Data.
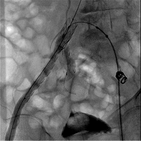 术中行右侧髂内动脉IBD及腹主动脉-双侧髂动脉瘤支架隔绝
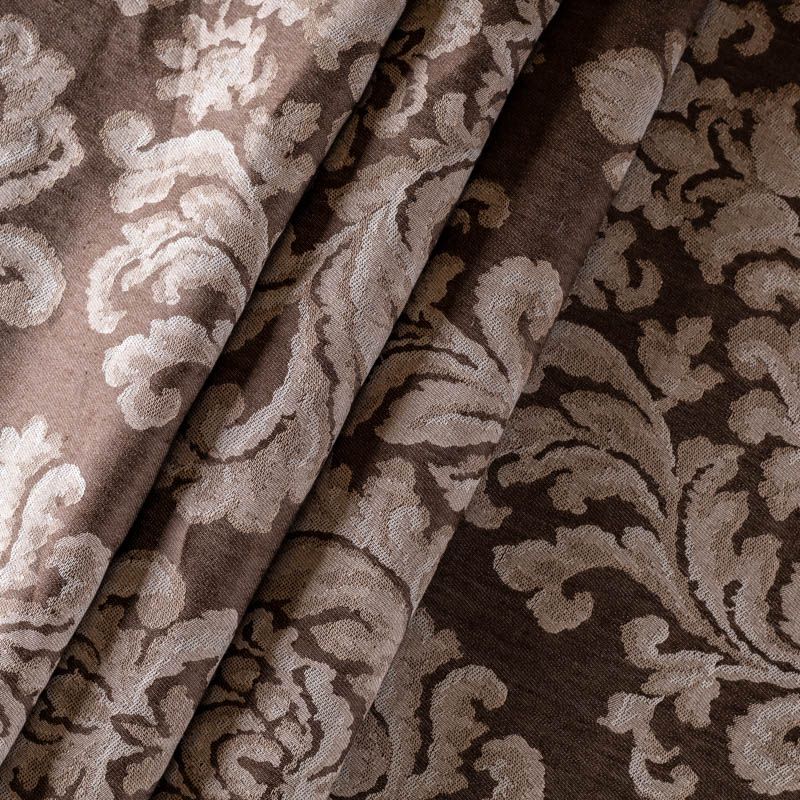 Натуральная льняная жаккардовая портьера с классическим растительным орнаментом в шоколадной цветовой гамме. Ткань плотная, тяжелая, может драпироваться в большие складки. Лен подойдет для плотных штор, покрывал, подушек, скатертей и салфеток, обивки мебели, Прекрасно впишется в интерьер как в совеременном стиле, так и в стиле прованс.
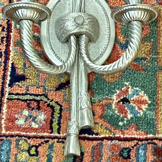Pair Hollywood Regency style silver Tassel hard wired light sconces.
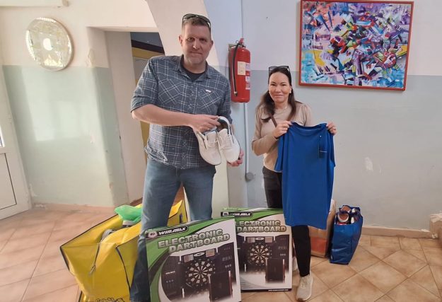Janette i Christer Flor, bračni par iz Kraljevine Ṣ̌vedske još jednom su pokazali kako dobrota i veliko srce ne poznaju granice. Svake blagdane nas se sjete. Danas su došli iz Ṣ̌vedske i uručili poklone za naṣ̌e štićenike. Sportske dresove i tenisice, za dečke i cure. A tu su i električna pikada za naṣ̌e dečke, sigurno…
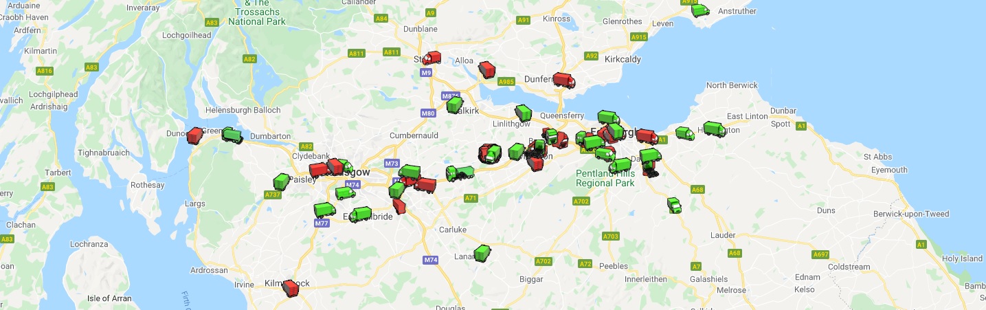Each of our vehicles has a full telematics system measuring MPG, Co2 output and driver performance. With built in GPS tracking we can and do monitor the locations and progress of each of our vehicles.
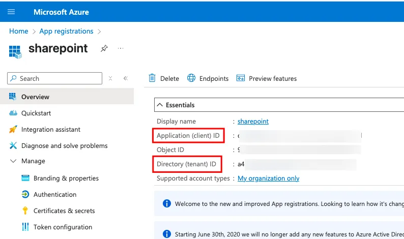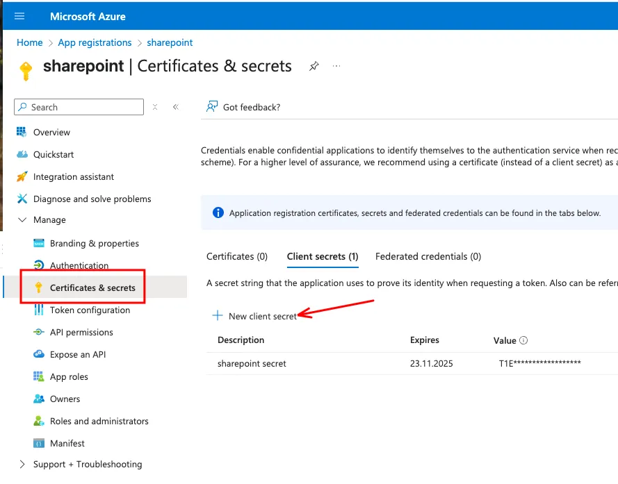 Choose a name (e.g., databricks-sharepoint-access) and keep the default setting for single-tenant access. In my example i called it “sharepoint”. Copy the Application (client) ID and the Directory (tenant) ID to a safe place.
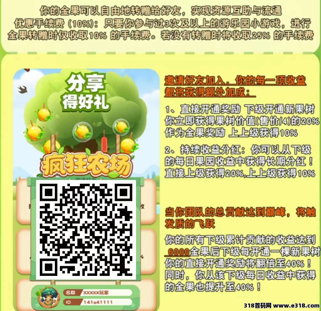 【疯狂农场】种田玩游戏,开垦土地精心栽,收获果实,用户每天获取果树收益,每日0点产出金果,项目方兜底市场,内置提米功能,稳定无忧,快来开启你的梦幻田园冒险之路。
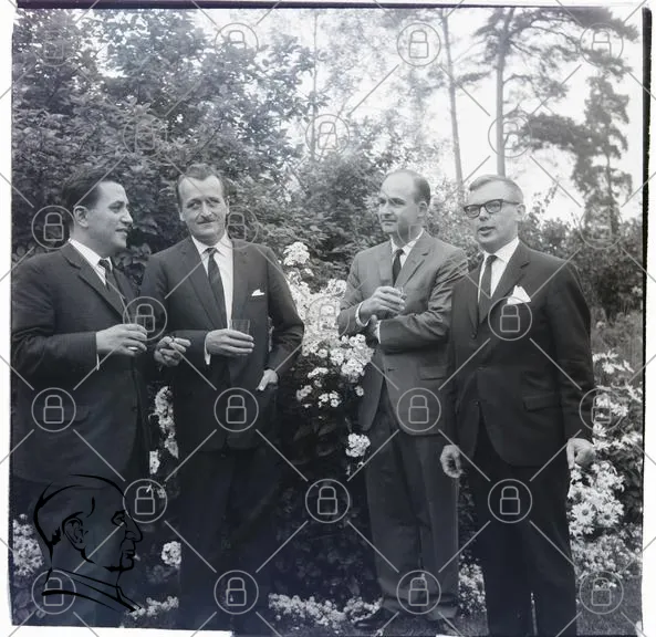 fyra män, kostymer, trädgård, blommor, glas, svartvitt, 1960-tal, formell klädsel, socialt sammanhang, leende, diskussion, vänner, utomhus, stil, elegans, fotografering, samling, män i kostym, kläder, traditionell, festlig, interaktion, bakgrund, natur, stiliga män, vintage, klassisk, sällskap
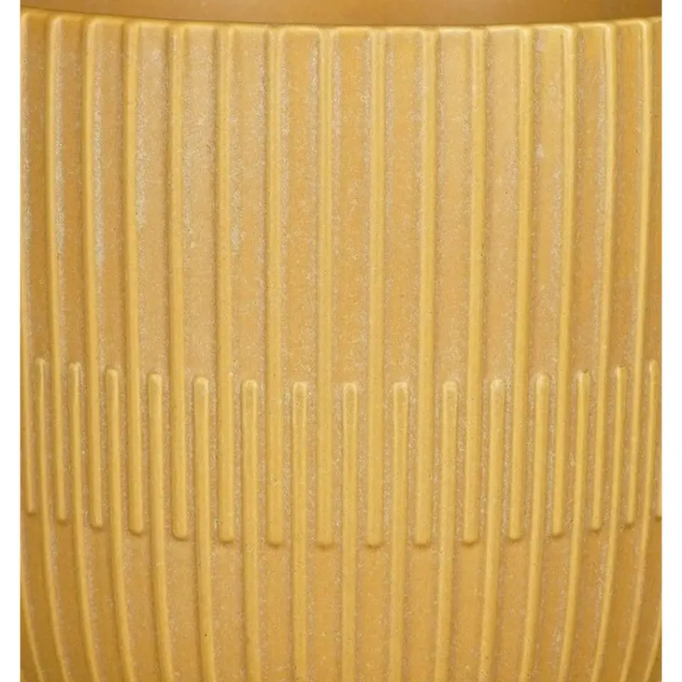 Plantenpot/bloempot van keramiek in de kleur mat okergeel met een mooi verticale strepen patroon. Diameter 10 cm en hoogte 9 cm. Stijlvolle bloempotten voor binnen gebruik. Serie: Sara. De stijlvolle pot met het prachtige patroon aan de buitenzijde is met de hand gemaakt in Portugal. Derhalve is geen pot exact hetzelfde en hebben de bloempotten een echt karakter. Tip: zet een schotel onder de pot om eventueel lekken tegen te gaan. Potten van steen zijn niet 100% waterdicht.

...

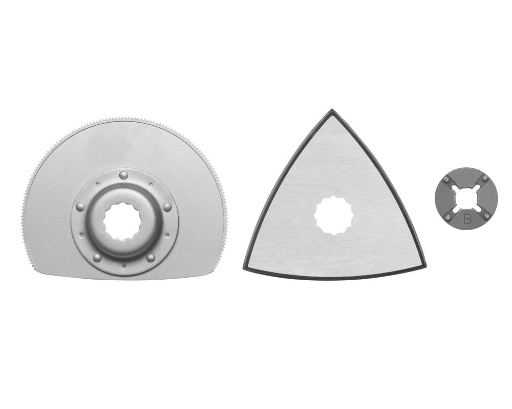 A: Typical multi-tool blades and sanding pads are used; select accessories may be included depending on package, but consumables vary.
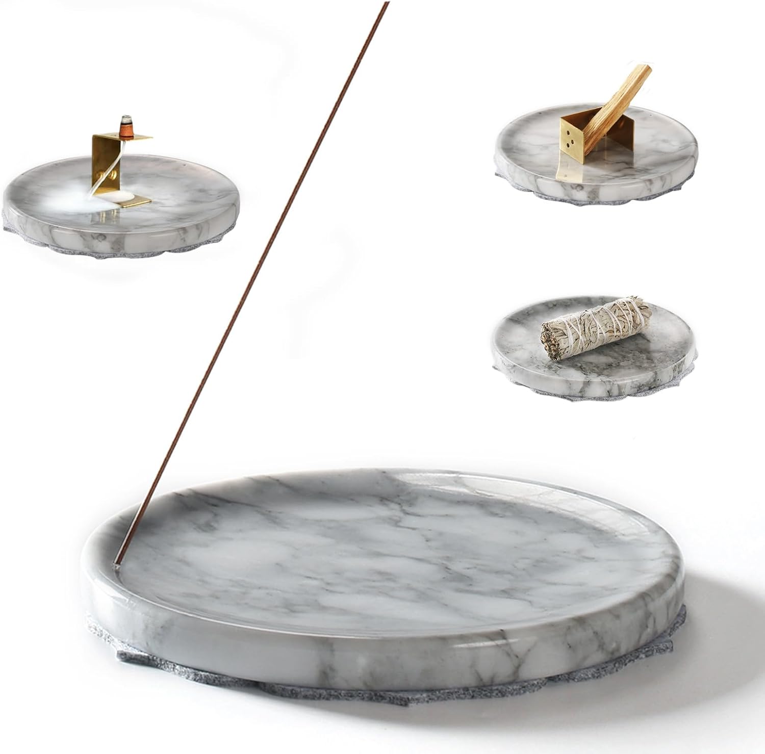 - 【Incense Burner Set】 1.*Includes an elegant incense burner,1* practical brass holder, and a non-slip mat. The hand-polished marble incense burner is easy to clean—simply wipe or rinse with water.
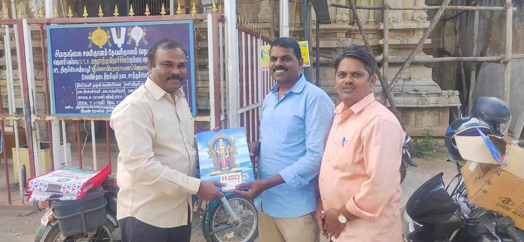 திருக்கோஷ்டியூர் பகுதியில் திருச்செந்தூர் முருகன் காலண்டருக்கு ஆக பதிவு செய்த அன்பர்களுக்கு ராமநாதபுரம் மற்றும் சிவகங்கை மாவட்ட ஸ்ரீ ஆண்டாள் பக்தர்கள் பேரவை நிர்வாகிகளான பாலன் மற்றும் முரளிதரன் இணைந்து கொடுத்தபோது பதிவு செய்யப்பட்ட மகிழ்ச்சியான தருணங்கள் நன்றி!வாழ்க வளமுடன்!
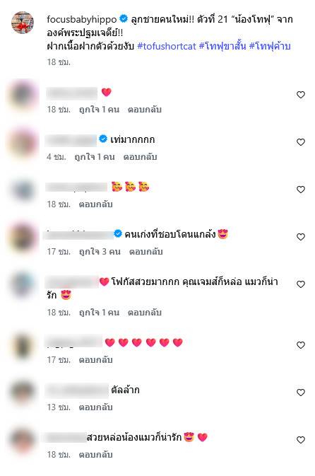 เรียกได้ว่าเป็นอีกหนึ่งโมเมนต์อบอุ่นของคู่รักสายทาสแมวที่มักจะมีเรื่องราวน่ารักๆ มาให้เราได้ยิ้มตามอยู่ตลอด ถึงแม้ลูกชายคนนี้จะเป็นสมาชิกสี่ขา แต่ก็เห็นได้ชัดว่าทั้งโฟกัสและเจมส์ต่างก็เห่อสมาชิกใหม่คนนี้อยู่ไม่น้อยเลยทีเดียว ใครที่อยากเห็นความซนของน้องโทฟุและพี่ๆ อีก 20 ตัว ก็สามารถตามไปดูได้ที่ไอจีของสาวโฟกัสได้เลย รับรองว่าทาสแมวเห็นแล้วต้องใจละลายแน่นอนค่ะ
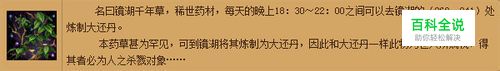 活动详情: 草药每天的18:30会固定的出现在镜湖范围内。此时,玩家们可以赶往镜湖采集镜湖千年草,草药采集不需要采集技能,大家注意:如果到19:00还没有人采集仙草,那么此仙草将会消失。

Exercise description. From the records above, return exactly the lines running from the one that contains "A: Typical multi-tool" down to the one that contains "திருக்கோஷ்டியூர் பகுதியில் திருச்செந்தூர்", both included, without any pictures.

Finished task.
 A: Typical multi-tool blades and sanding pads are used; select accessories may be included depending on package, but consumables vary.
 - 【Incense Burner Set】 1.*Includes an elegant incense burner,1* practical brass holder, and a non-slip mat. The hand-polished marble incense burner is easy to clean—simply wipe or rinse with water.
 திருக்கோஷ்டியூர் பகுதியில் திருச்செந்தூர் முருகன் காலண்டருக்கு ஆக பதிவு செய்த அன்பர்களுக்கு ராமநாதபுரம் மற்றும் சிவகங்கை மாவட்ட ஸ்ரீ ஆண்டாள் பக்தர்கள் பேரவை நிர்வாகிகளான பாலன் மற்றும் முரளிதரன் இணைந்து கொடுத்தபோது பதிவு செய்யப்பட்ட மகிழ்ச்சியான தருணங்கள் நன்றி!வாழ்க வளமுடன்!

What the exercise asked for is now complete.